### Problem to work on
Below is a listing to transcribe in full and exactly; keep the pictures out.

### Dataset extract
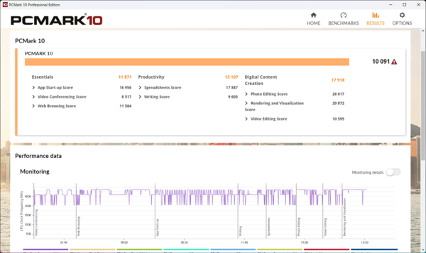 総合スコアーは10091で、その内訳はアプリ起動速度、ビデオ会議、Webブラウジングの性能を測る「Essentials」が11871。表計算や文書作成のオフィスソフト性能を測る「Productivity」が13107。写真編集や動画編集、3DCG製作などのクリエイティブ性能を測る「Digital Content Creation(DCC)」が17918を記録した。
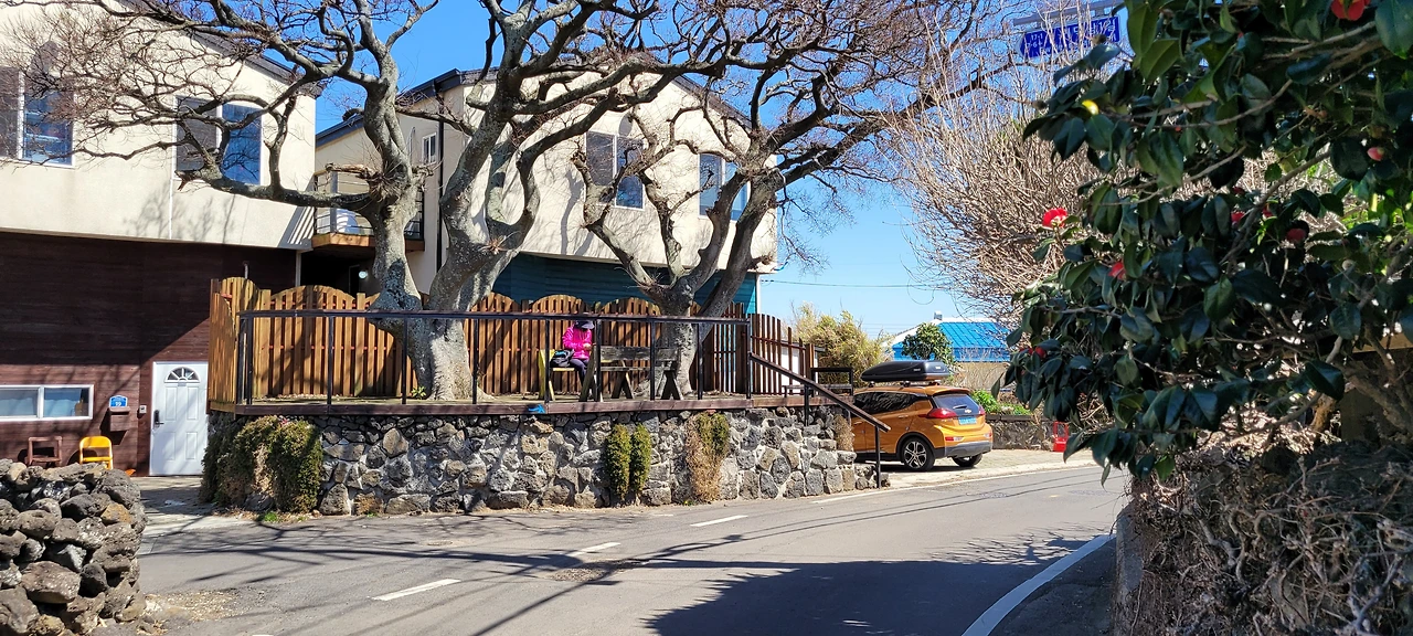 주위에 버드나무가 많았다는 버들못 농로를 지나간다. 천덕로 큰 길가에서 납읍으로 이어지는 기다란 숲길인 ‘언거니동산’을 내려선다. 옛 동네 ‘둥뎅이’에는 펜션, 게스트하우스, 음식점 등이 보인다.
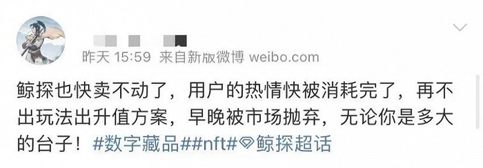 其二是二级市场迟迟不开。虽然数字藏品具有唯一性和收藏价值,但对于目前市场上的产品质量参差不齐,以及绝大部分入局者更看重其“升值价值”的特点来说,无法流通就意味着失去了购买的理由。同时,有不少玩家在接受媒体采访时表示,除了藏品价格下滑,还有不少藏品砸在手里,卖不出去。这加剧了玩家对市场的悲观情绪。
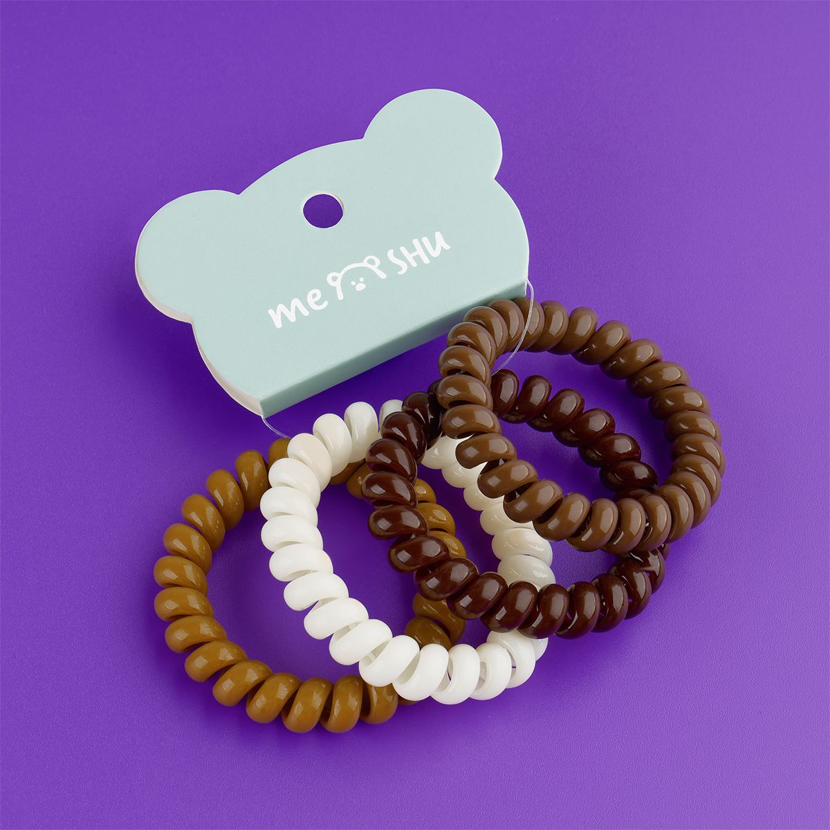 Резинки для волос MESHU, пружинки, коричневые ассорти, 4шт., диаметр 4,5см, европодвес
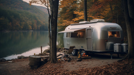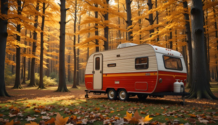 Cozy Trailer of mobile home or recreational vehicle. Autumn.
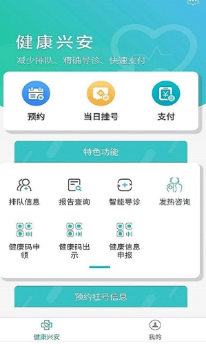 可以实现内蒙古兴安盟地区就近医院的用户注册、用户医疗卡信息管理、查看排队信息、预约挂号、在线支付、检验检查报告查看、医疗相关新闻资讯查看以及智能导诊等便捷就医的功能。
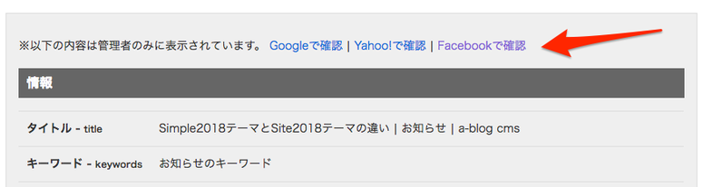SEOの情報をチェックするためのテンプレートに「Facebookで確認」のリンクを追加しています。これにより書いた記事をFacebookにシェアした時にどのように表示されるか、Facebookデバッガーより確認しやすくなりました。
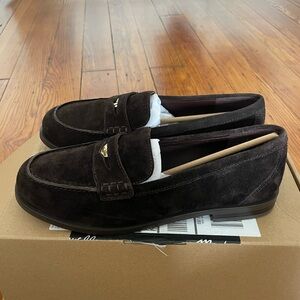 Chic dark brown suede loafers by Madewell. Sleek design with a classic touch. Ideal for versatile styling.
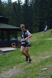 Docela to utíká už jsme na sjezdovce pod Lysou, nahoře pár fanoušků povzbuzuje, na občerstvovačce beru láhve s pitím a mažu si to dolů do druhého lístku směr Krásná, Filip nasadí neskutečné tempo v seběhu a mizí nám z dohledu, běžím dolů spolu s Víťou za náma je Mára a další. Docela si to svištíme žádné flákání na Krásné jsme docela rychle, dole dobíháme Filipa a to jěště vidíme toho opičáka v bílém dresu 🙂500m před náma-zase bloudil.., to už ale naposled..do kopce jdeme svižně, kecáme, když to jde běžíme, další Lysá se blíží a už se těším na nějaký meloun nebo něco štavnatého..Filip mírně utíká pořád se s Vítou držíme jeden druhého až na Lysou..Víta cosi říká pod vousy „není kam se hnát“..no uvidíme..občerstovačka rychlá a valím dolů na Mazák, první turisti se už trousí na horu pár jich houkne cosi jako „to je nějaky zavod nebo co ??“ docela mě zlobí promočené nohy z ranní sjezdovky a nemůžu to pořádně pustit jak je zvykem, takže utíkám, kličkuji mezi turisty, davám gel a asfalt do Mazáku je tady, střelba dolů a jak na houpačce opět nahoru, toto letí to není možné, hodinky nemám takže, mě nemá co rozptylovat, běžím traverzem ke žluté přede mnou nikdo za mnou nikdo, dobrý…
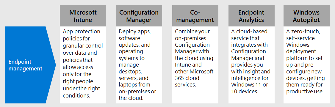 With hybrid workers, you need to support a growing number of personal devices. Endpoint management is a policy-based approach to security that requires devices to comply with specific criteria before they are granted access to resources. The Microsoft Intune family of products delivers modern management capabilities to keep your data secure in the cloud and on-premises.
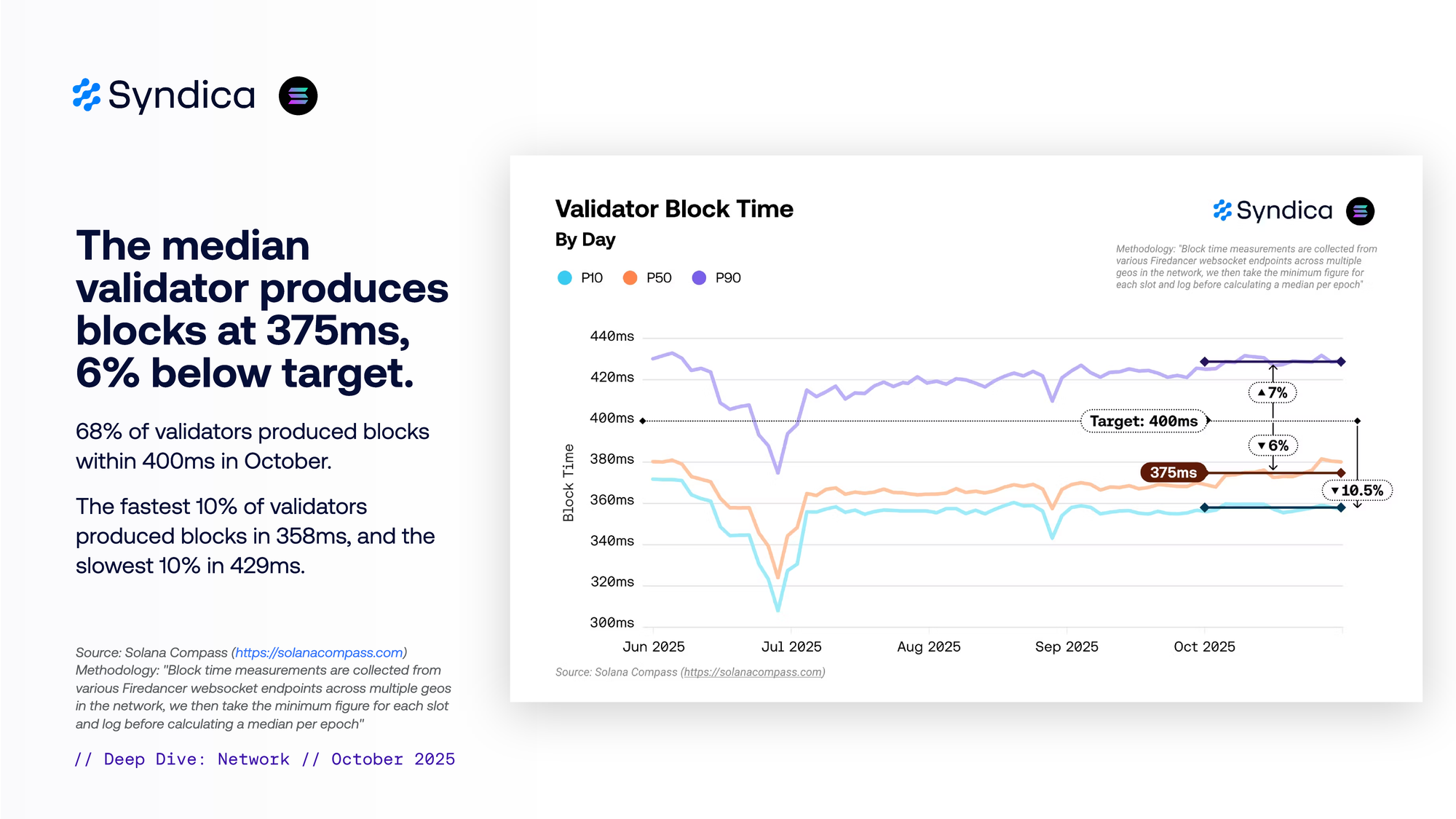 中间验证器在 375 毫秒内生成区块,比目标低 6%。10 月份,68% 的验证器在 400 毫秒内生成区块。速度最快的 10% 的验证器在 358 毫秒内生成区块,速度最慢的 10% 的验证器在 429 毫秒内生成区块。
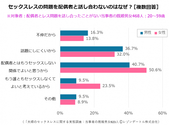 夫婦でレスの問題を話し合わない理由は何でしょうか、尋ねてみました。すると、「配偶者とはもうセックスしなくてよい」という回答が最多で、男性の4割以上、レス女性の5割以上となりました。
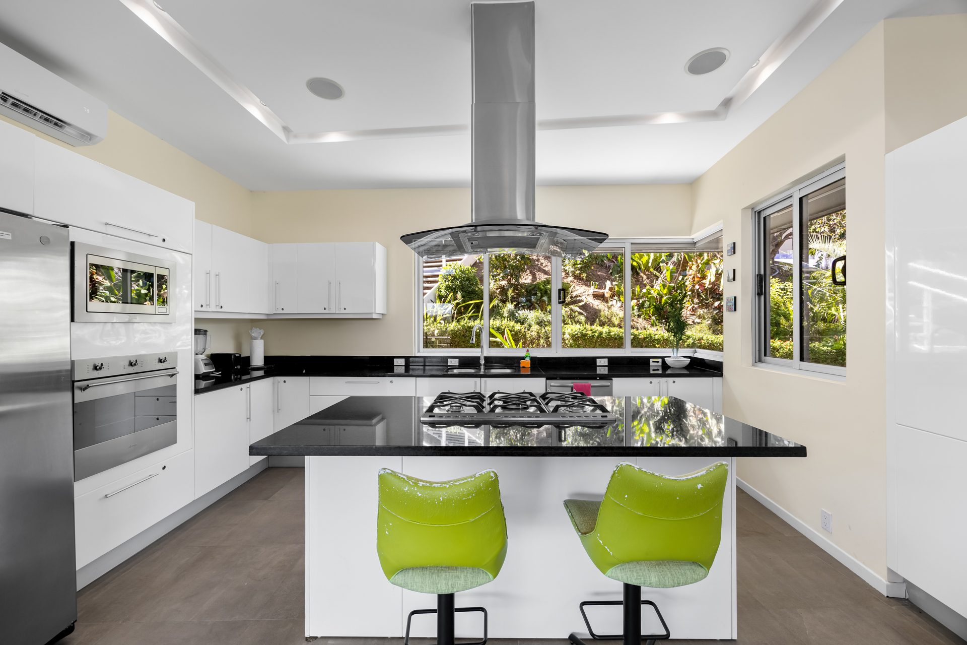 Step inside to discover a home designed for both comfort and style. Imported Italian porcelain tiles flow seamlessly throughout the entire residence, while the gourmet kitchen is equipped with top of the line Smeg appliances, including a gas cooktop, electric wall oven, and a sleek stainless steel refrigerator and dishwasher. The open concept upper level family room opens to the outdoors with retractable glass doors, creating a seamless indoor-outdoor living experience with stunning ocean views. The luxurious master suite and two guest bedrooms, each with ensuite bathrooms, offer ultimate privacy and comfort. Additional highlights include a rooftop ocean view deck, central vacuum system, volcanic stone cladding, soft close cabinetry, rain showers, and a comprehensive security system. Designed for effortless living and entertaining, Casa Nalifos is a rare gem that combines beauty, functionality, and prime location truly a must see.

### Your response
 総合スコアーは10091で、その内訳はアプリ起動速度、ビデオ会議、Webブラウジングの性能を測る「Essentials」が11871。表計算や文書作成のオフィスソフト性能を測る「Productivity」が13107。写真編集や動画編集、3DCG製作などのクリエイティブ性能を測る「Digital Content Creation(DCC)」が17918を記録した。
 주위에 버드나무가 많았다는 버들못 농로를 지나간다. 천덕로 큰 길가에서 납읍으로 이어지는 기다란 숲길인 ‘언거니동산’을 내려선다. 옛 동네 ‘둥뎅이’에는 펜션, 게스트하우스, 음식점 등이 보인다.
 其二是二级市场迟迟不开。虽然数字藏品具有唯一性和收藏价值,但对于目前市场上的产品质量参差不齐,以及绝大部分入局者更看重其“升值价值”的特点来说,无法流通就意味着失去了购买的理由。同时,有不少玩家在接受媒体采访时表示,除了藏品价格下滑,还有不少藏品砸在手里,卖不出去。这加剧了玩家对市场的悲观情绪。
 Резинки для волос MESHU, пружинки, коричневые ассорти, 4шт., диаметр 4,5см, европодвес
 Cozy Trailer of mobile home or recreational vehicle. Autumn.
 可以实现内蒙古兴安盟地区就近医院的用户注册、用户医疗卡信息管理、查看排队信息、预约挂号、在线支付、检验检查报告查看、医疗相关新闻资讯查看以及智能导诊等便捷就医的功能。
SEOの情報をチェックするためのテンプレートに「Facebookで確認」のリンクを追加しています。これにより書いた記事をFacebookにシェアした時にどのように表示されるか、Facebookデバッガーより確認しやすくなりました。
 Chic dark brown suede loafers by Madewell. Sleek design with a classic touch. Ideal for versatile styling.
 Docela to utíká už jsme na sjezdovce pod Lysou, nahoře pár fanoušků povzbuzuje, na občerstvovačce beru láhve s pitím a mažu si to dolů do druhého lístku směr Krásná, Filip nasadí neskutečné tempo v seběhu a mizí nám z dohledu, běžím dolů spolu s Víťou za náma je Mára a další. Docela si to svištíme žádné flákání na Krásné jsme docela rychle, dole dobíháme Filipa a to jěště vidíme toho opičáka v bílém dresu 🙂500m před náma-zase bloudil.., to už ale naposled..do kopce jdeme svižně, kecáme, když to jde běžíme, další Lysá se blíží a už se těším na nějaký meloun nebo něco štavnatého..Filip mírně utíká pořád se s Vítou držíme jeden druhého až na Lysou..Víta cosi říká pod vousy „není kam se hnát“..no uvidíme..občerstovačka rychlá a valím dolů na Mazák, první turisti se už trousí na horu pár jich houkne cosi jako „to je nějaky zavod nebo co ??“ docela mě zlobí promočené nohy z ranní sjezdovky a nemůžu to pořádně pustit jak je zvykem, takže utíkám, kličkuji mezi turisty, davám gel a asfalt do Mazáku je tady, střelba dolů a jak na houpačce opět nahoru, toto letí to není možné, hodinky nemám takže, mě nemá co rozptylovat, běžím traverzem ke žluté přede mnou nikdo za mnou nikdo, dobrý…
 With hybrid workers, you need to support a growing number of personal devices. Endpoint management is a policy-based approach to security that requires devices to comply with specific criteria before they are granted access to resources. The Microsoft Intune family of products delivers modern management capabilities to keep your data secure in the cloud and on-premises.
 中间验证器在 375 毫秒内生成区块,比目标低 6%。10 月份,68% 的验证器在 400 毫秒内生成区块。速度最快的 10% 的验证器在 358 毫秒内生成区块,速度最慢的 10% 的验证器在 429 毫秒内生成区块。
 夫婦でレスの問題を話し合わない理由は何でしょうか、尋ねてみました。すると、「配偶者とはもうセックスしなくてよい」という回答が最多で、男性の4割以上、レス女性の5割以上となりました。
 Step inside to discover a home designed for both comfort and style. Imported Italian porcelain tiles flow seamlessly throughout the entire residence, while the gourmet kitchen is equipped with top of the line Smeg appliances, including a gas cooktop, electric wall oven, and a sleek stainless steel refrigerator and dishwasher. The open concept upper level family room opens to the outdoors with retractable glass doors, creating a seamless indoor-outdoor living experience with stunning ocean views. The luxurious master suite and two guest bedrooms, each with ensuite bathrooms, offer ultimate privacy and comfort. Additional highlights include a rooftop ocean view deck, central vacuum system, volcanic stone cladding, soft close cabinetry, rain showers, and a comprehensive security system. Designed for effortless living and entertaining, Casa Nalifos is a rare gem that combines beauty, functionality, and prime location truly a must see.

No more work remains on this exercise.